-- INFORMATION --
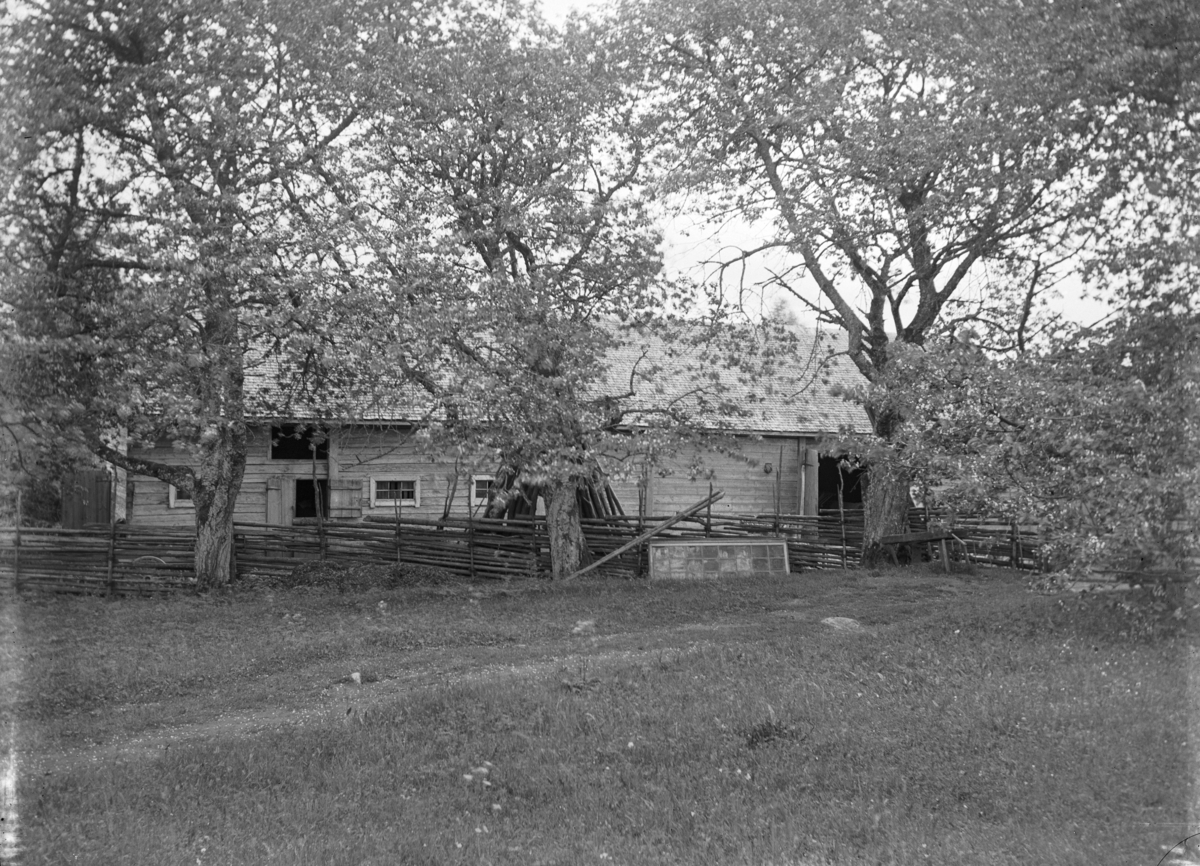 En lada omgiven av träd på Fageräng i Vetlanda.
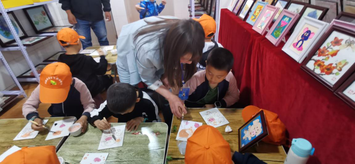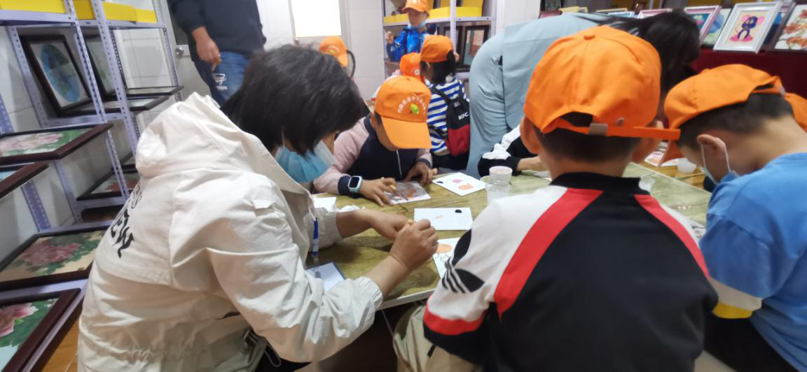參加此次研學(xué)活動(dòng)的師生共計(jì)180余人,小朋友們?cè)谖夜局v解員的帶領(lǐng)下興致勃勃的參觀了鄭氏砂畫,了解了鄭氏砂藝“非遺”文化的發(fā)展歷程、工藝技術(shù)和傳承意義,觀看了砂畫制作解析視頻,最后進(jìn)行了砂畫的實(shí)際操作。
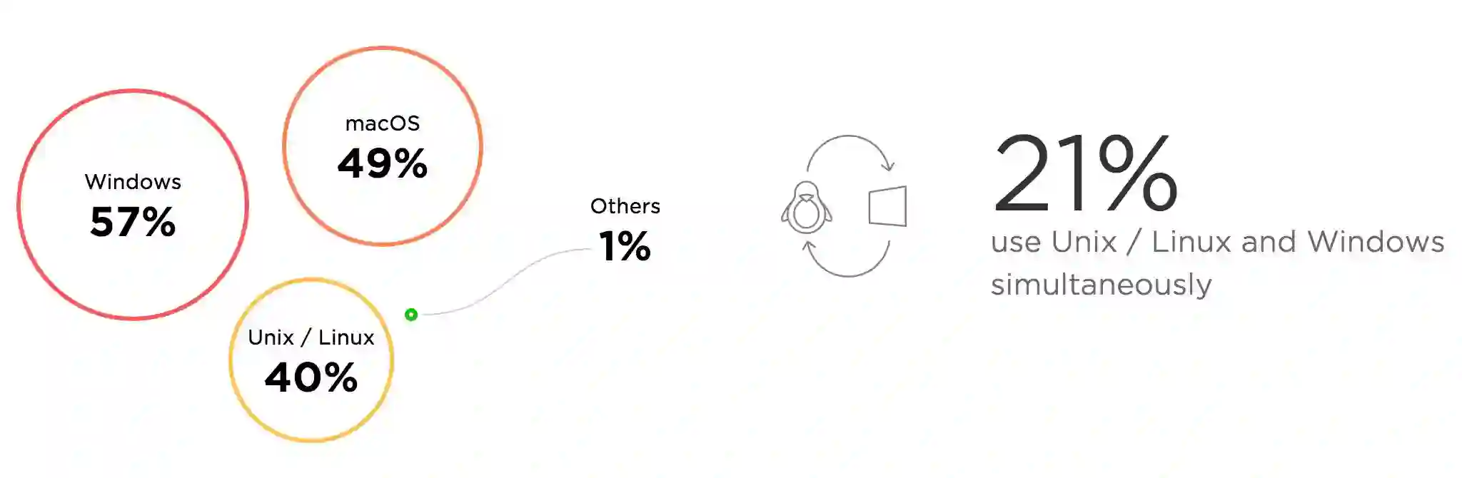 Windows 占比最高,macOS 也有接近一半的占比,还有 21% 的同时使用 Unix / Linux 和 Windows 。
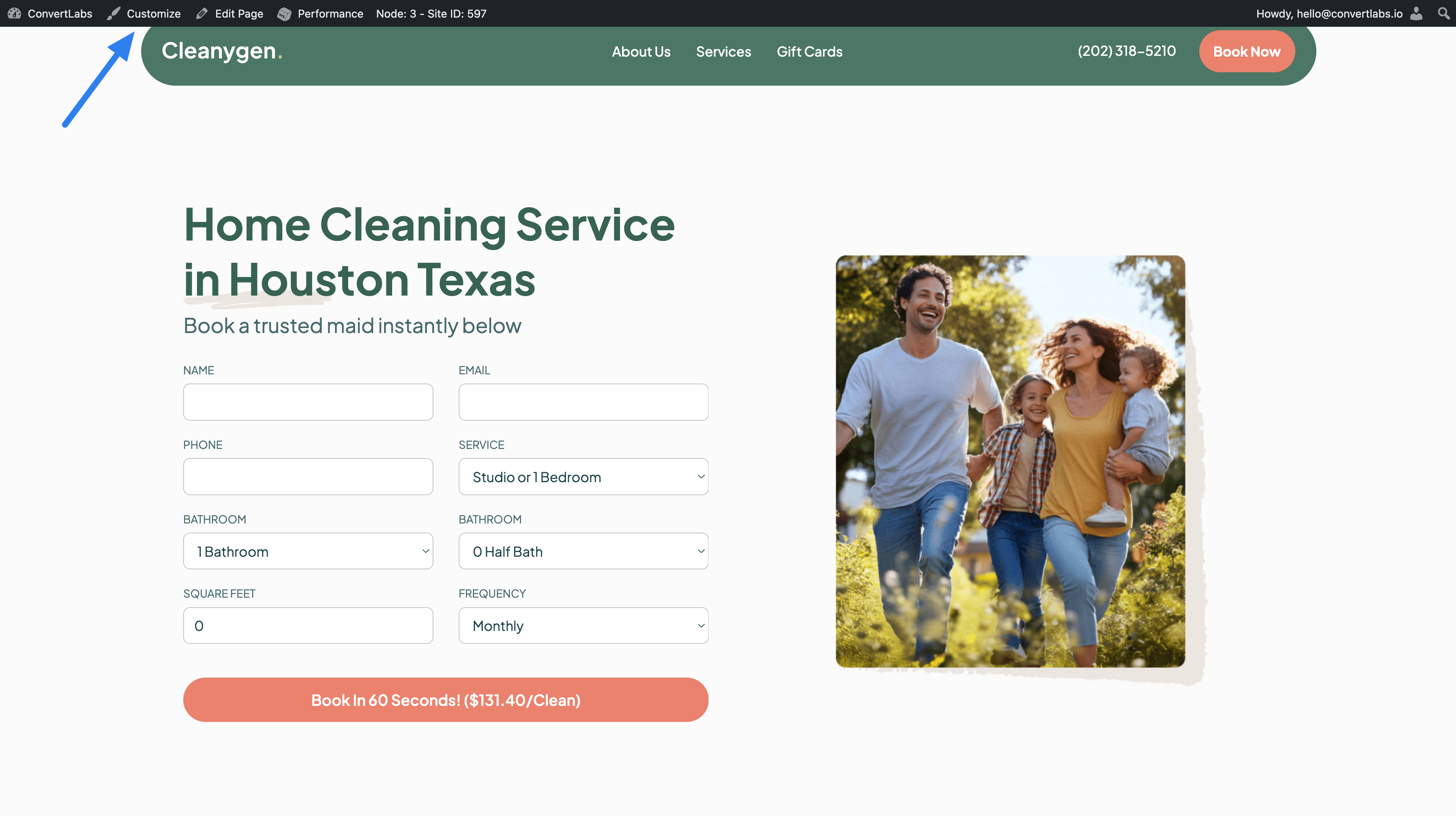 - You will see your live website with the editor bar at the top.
* * *
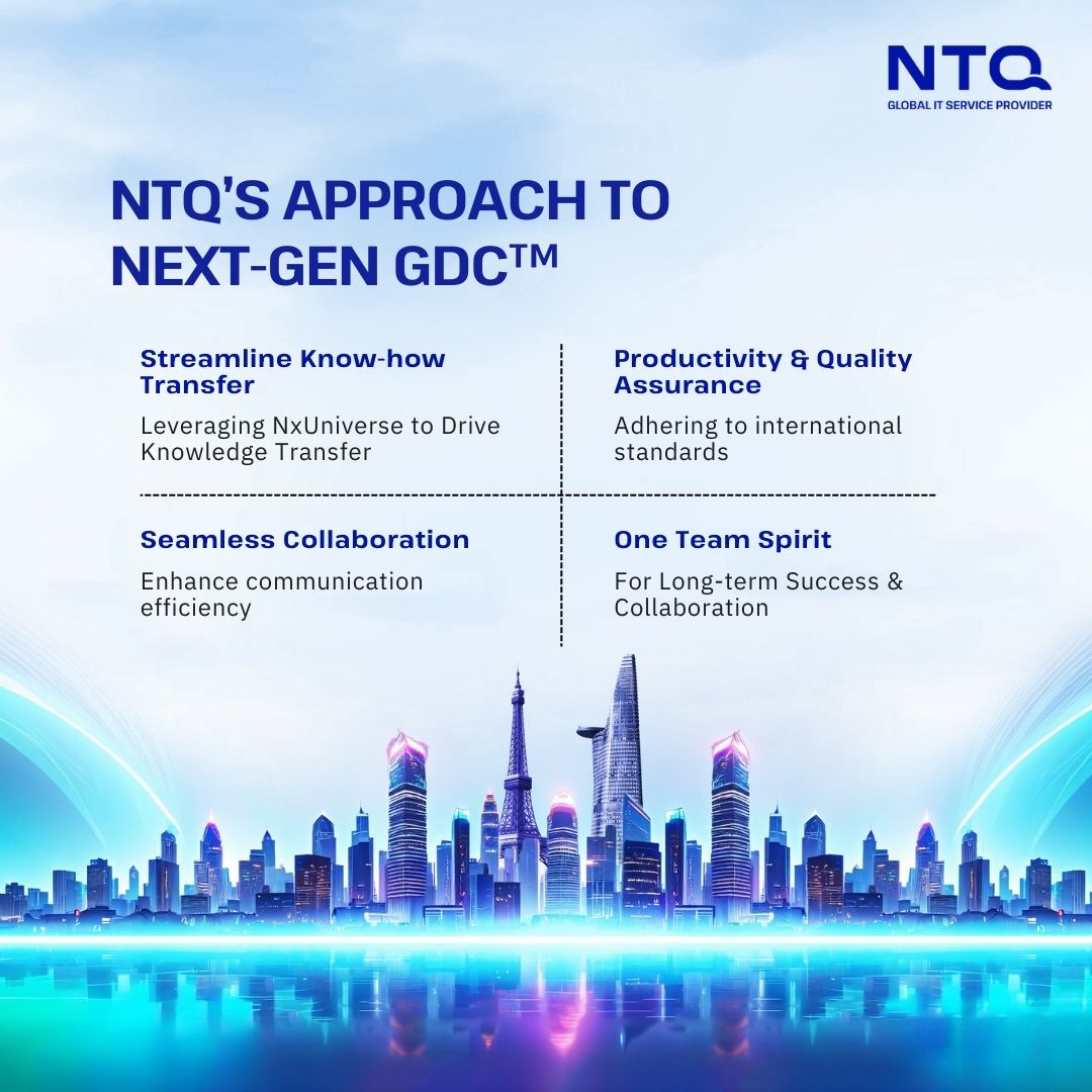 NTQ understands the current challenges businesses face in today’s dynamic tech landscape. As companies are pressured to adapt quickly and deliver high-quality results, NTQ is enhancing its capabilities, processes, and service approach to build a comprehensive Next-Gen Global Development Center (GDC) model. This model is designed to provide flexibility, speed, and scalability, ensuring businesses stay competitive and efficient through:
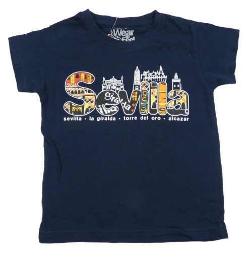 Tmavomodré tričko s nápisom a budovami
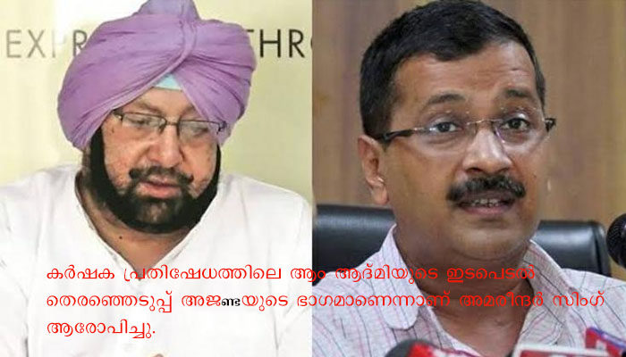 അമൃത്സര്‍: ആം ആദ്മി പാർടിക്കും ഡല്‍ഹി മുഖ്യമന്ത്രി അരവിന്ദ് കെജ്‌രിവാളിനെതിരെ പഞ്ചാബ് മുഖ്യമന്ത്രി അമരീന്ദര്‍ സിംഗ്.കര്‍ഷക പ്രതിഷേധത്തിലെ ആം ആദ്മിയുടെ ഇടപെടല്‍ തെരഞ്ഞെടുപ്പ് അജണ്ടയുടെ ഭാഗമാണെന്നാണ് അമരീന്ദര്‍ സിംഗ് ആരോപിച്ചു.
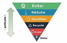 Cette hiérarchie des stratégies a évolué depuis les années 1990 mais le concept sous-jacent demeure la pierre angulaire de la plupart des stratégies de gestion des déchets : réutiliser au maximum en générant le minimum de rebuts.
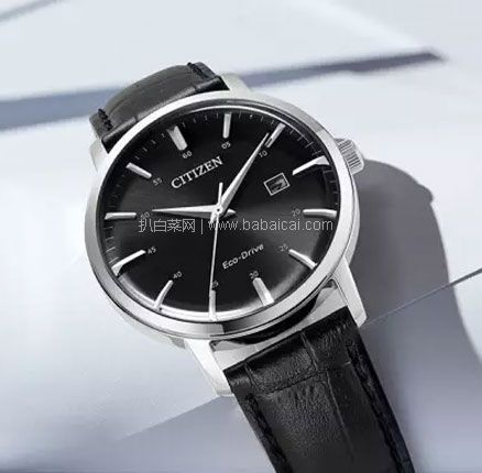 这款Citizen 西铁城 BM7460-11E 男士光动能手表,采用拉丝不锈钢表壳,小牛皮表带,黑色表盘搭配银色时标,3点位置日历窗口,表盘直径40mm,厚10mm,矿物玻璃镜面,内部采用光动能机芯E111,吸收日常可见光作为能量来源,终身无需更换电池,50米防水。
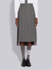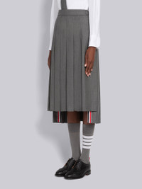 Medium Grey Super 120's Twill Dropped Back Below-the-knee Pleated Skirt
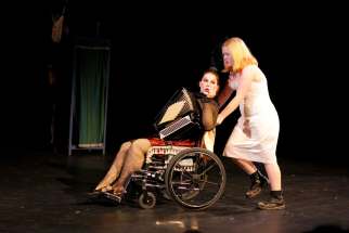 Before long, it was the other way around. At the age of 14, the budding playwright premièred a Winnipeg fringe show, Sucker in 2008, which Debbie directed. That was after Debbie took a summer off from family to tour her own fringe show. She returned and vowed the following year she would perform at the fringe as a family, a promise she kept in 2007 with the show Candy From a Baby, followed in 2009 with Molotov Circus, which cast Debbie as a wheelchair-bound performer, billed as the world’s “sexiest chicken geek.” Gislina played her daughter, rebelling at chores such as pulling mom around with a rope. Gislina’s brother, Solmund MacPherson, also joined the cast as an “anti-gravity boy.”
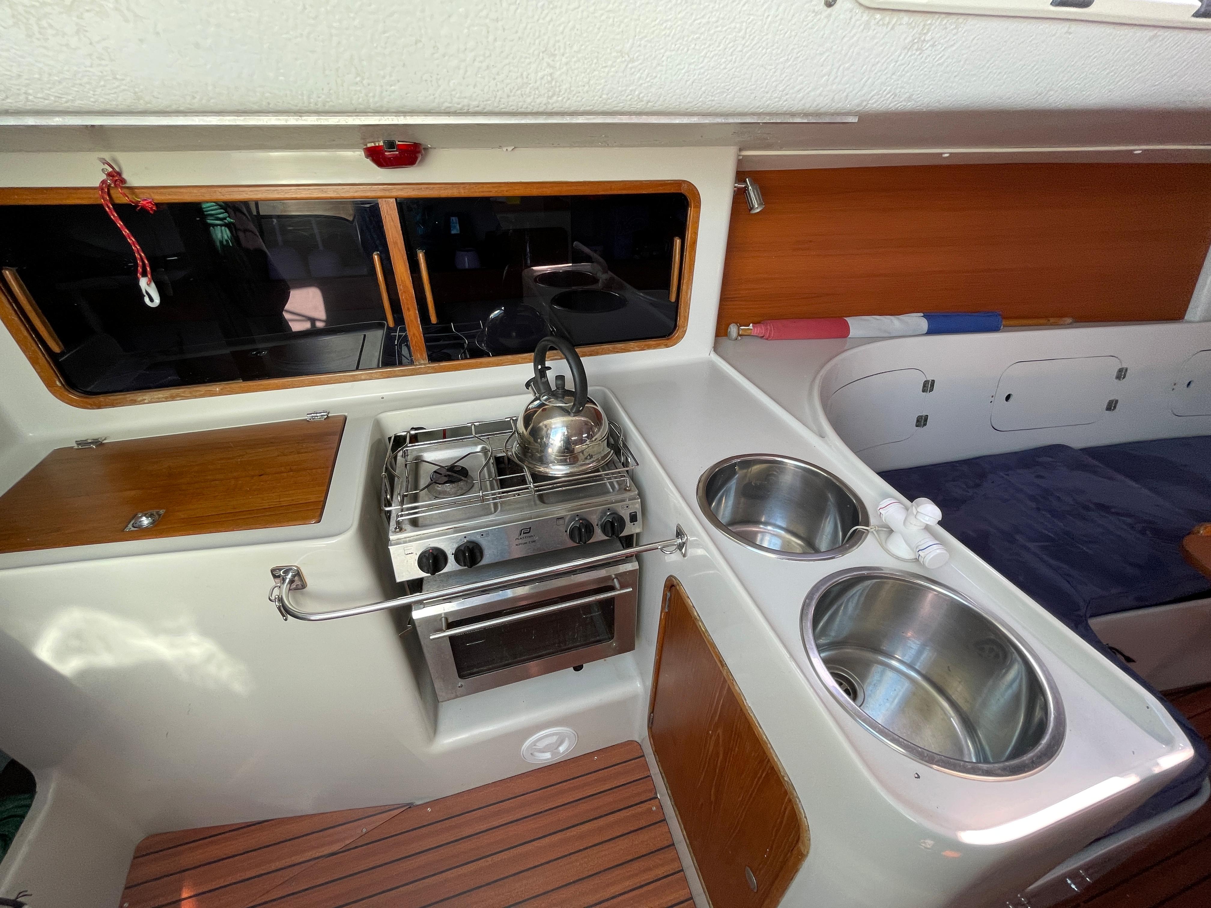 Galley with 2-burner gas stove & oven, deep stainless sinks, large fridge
---
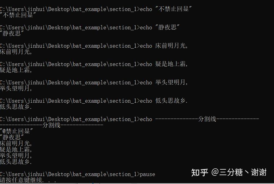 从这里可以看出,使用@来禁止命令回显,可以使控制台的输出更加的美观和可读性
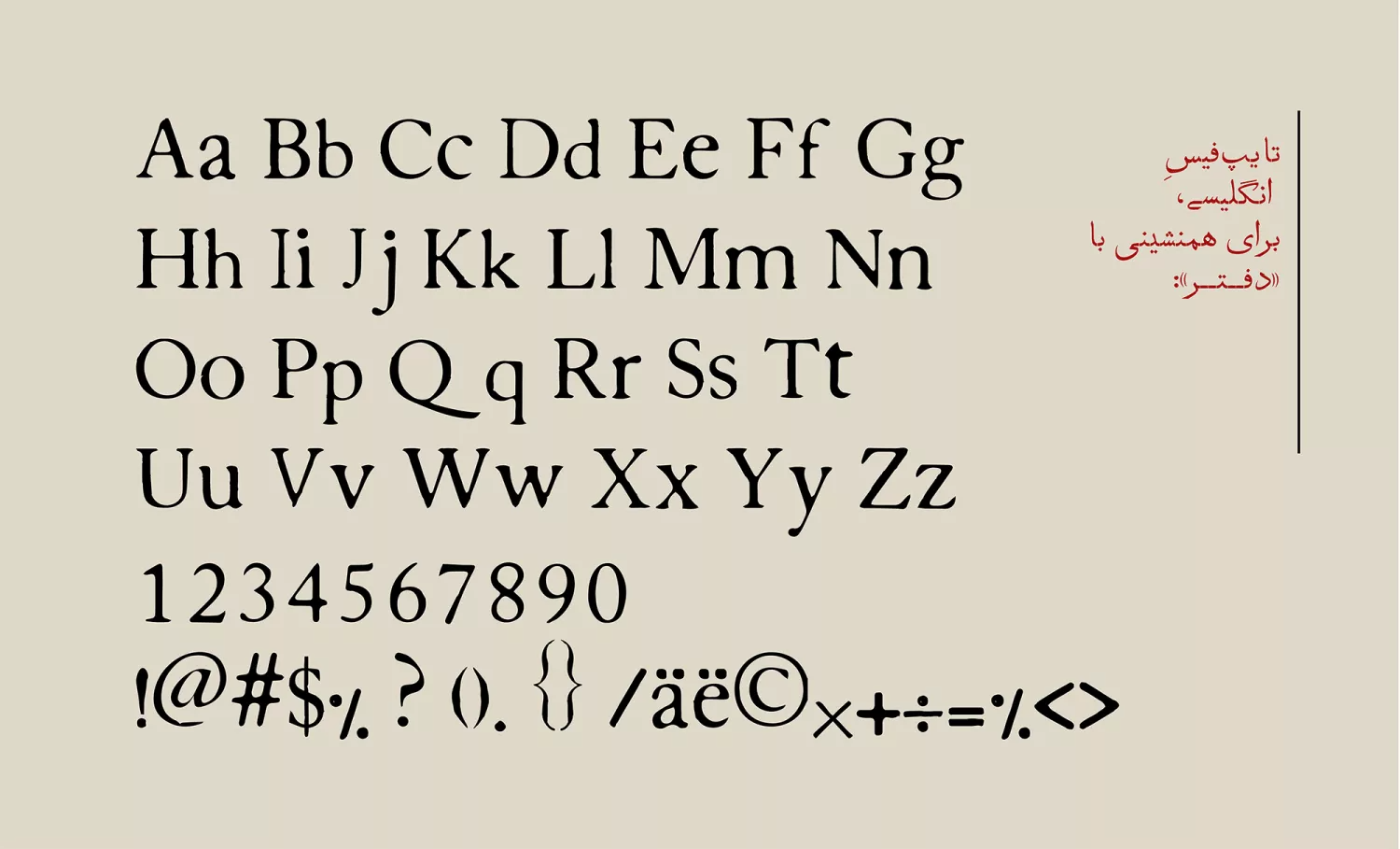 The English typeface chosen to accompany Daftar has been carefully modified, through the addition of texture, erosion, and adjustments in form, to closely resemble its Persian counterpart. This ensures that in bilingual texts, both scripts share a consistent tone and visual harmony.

-- EXERCISE --
Starting at the line containing "这款Citizen 西铁城 BM7460-11E" and finishing at the line containing "Medium Grey Super", return those lines exactly as they appear above, without the pictures.

-- EXERCISE RESULT --
 这款Citizen 西铁城 BM7460-11E 男士光动能手表,采用拉丝不锈钢表壳,小牛皮表带,黑色表盘搭配银色时标,3点位置日历窗口,表盘直径40mm,厚10mm,矿物玻璃镜面,内部采用光动能机芯E111,吸收日常可见光作为能量来源,终身无需更换电池,50米防水。
 Medium Grey Super 120's Twill Dropped Back Below-the-knee Pleated Skirt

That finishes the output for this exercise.